The day for the GLCM began early with us leaving the hotel by 6:45am. We were visiting the Microsoft Data Center site in Cheyenne, Wyoming. Hensel Phelps, the general contractors for the project were kind enough to host us and give us a tour of the project. The weather was great which made the 2-hour car ride scenic and pleasant. As we reached closer to the site, we realized that it was very isolated. The site was actually in the middle of nowhere. On arriving at the site, we were greeted by Mr. Kevin Hatcher, the quality controls manager for the project. Kevin is an alum of the University of Illinois who recently moved to Cheyenne for the project. We were directed to a conference room for a presentation about that project, where we met Travis Poland and Matt Schuler who are the Project Manager and Project Superintendent respectively.
Microsoft began constructing data center about 15 years ago. Cheyenne was chosen as a potential site four years ago because of a lot of factors such as good access to transportation, favorable climate and tax initiatives in Wyoming. Currently the complex has two operational data centers- CY1 and CY2 while Hensel Phelps is constructing the CYSO4 data center. The total project cost is $250 million with an initial construction schedule of 12 months. But with certain changes in design and scope, the schedule of the project was extended to 17 months. Out of the 17 months, 9 months were kept for commissioning the various equipment that would be installed in the data center. Since the project was very fast paced, the crews were working 24-hour shifts initially and currently working 18 hours shifts 6 days a week.
The 350,000 sq-ft site has 4 core network rooms (CNRs), 1 administration building and 4 availability zones (AZs). All of the buildings are made from structural steel with concrete slab on grade. To ensure that all the servers and equipment do not get overheated, 160 air handler units have been placed strategically throughout the 4 CNRs and 4 Azs. The cooling system in this data center will be an evaporative cooling system, which is very unique. Since these servers consume a lot of power, the project also includes 21 generators with a 49 MW power capacity servicing the different buildings. Some other fun facts that we learned from the presentation were that the project had 48 miles of underground conduits, 33 miles of medium voltage cable and 25,000 miles of fiber optic cables.
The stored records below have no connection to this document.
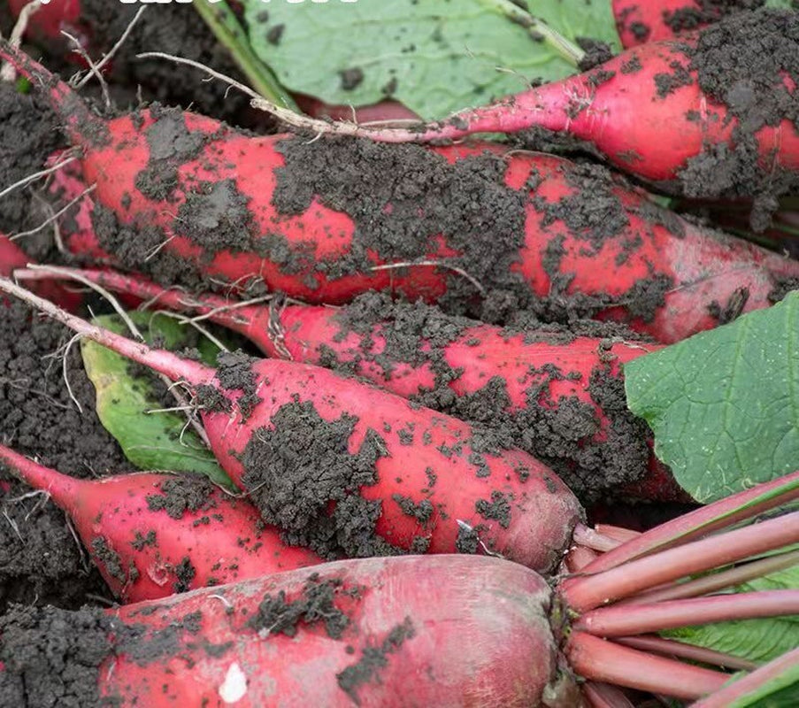 How to Grow China Rose Radish grows best in soil with a PH of 5.8-6.8. Although their roots can loosen compacted soil, they grow best where soil is already loose. If your soil is compacted, consider loosening it with a broad fork before planting. Since you will be harvesting the roots, avoid applying excessive amounts of nitrogen to the soil. Too much nitrogen will grow large greens, but small roots. Choose a full sun to partial shade location for best results. Once you plant your seeds, make sure you keep the soil moist, and they will germinate within a few days. Within a week of germination, thin seedlings to 4-6 inches apart. Plants will mature in 40-70 days, depending on the variety. Don’t fret if part of the root is visible above ground; this is normal.
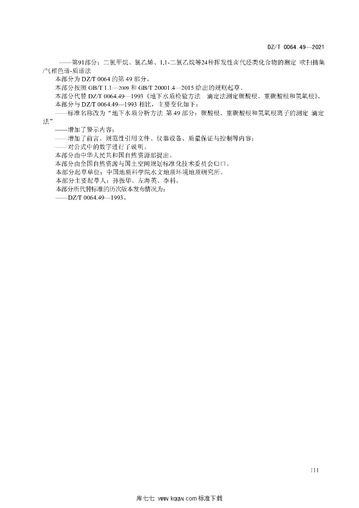 DZ/T 0064.49-2021 地下水质分析方法 第49部分:碳酸根、重碳酸根和氢氧根离子的测定 滴定法
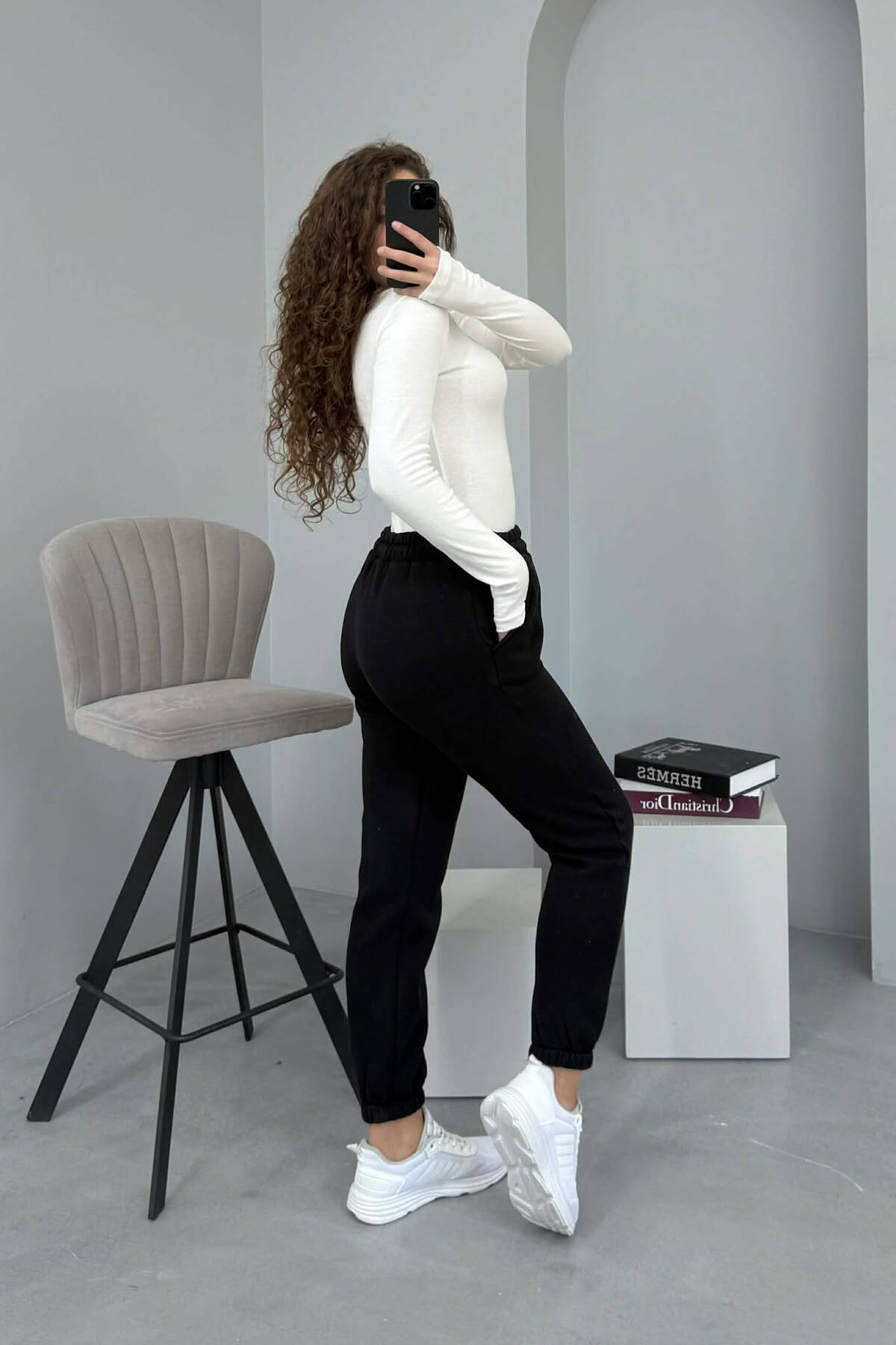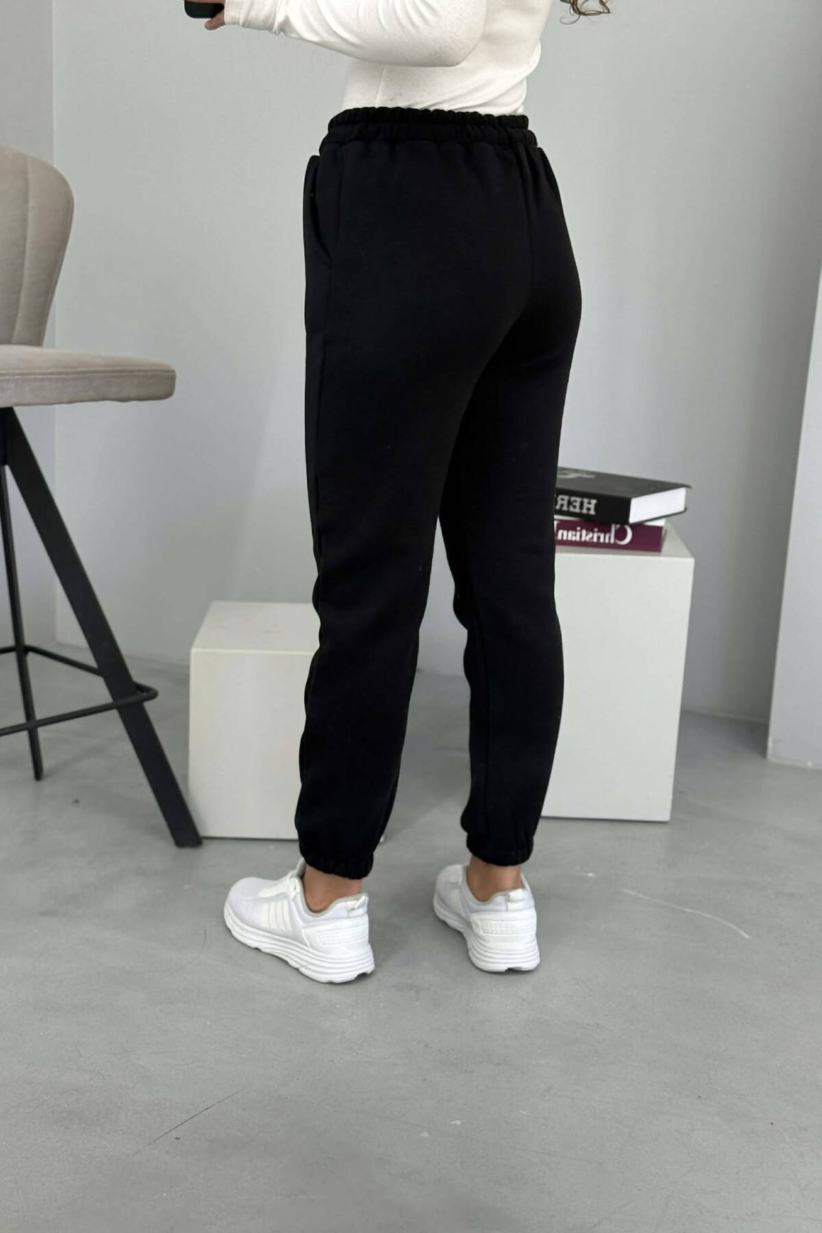 ONE COLOR FLUFFY WOMEN JOGGERS BLACK/ E ZEZE

After our presentation, we took a tour of the jobsite. Security was a big concern for this project, which became apparent as soon as we entered the site. The planning and execution had a lot of security consideration to ensure that the client was happy. During the tour we learned about the various challenges that the project faced including harsh weather, uncoordinated underground design and phased construction. The site was located in a very windy area, which made it difficult to maintain productivity. To ensure that the project is completed on time, the management made a decision to pre-fabricate a lot of the construction. Apart from this, we learned that Hensel Phelps had to keep in mind the intangibles while executing the project. An example of this was that the concrete slab was cleaned everyday to ensure that it looked “new” when the building was handed over to the owner.
After the tour, we returned back to conference room, where we were served lunch and had a Q&A session with our host. We really enjoyed our visit and learned a lot from the tour. We would like to thank Hensel Phelps for giving us an insight into this very interesting project.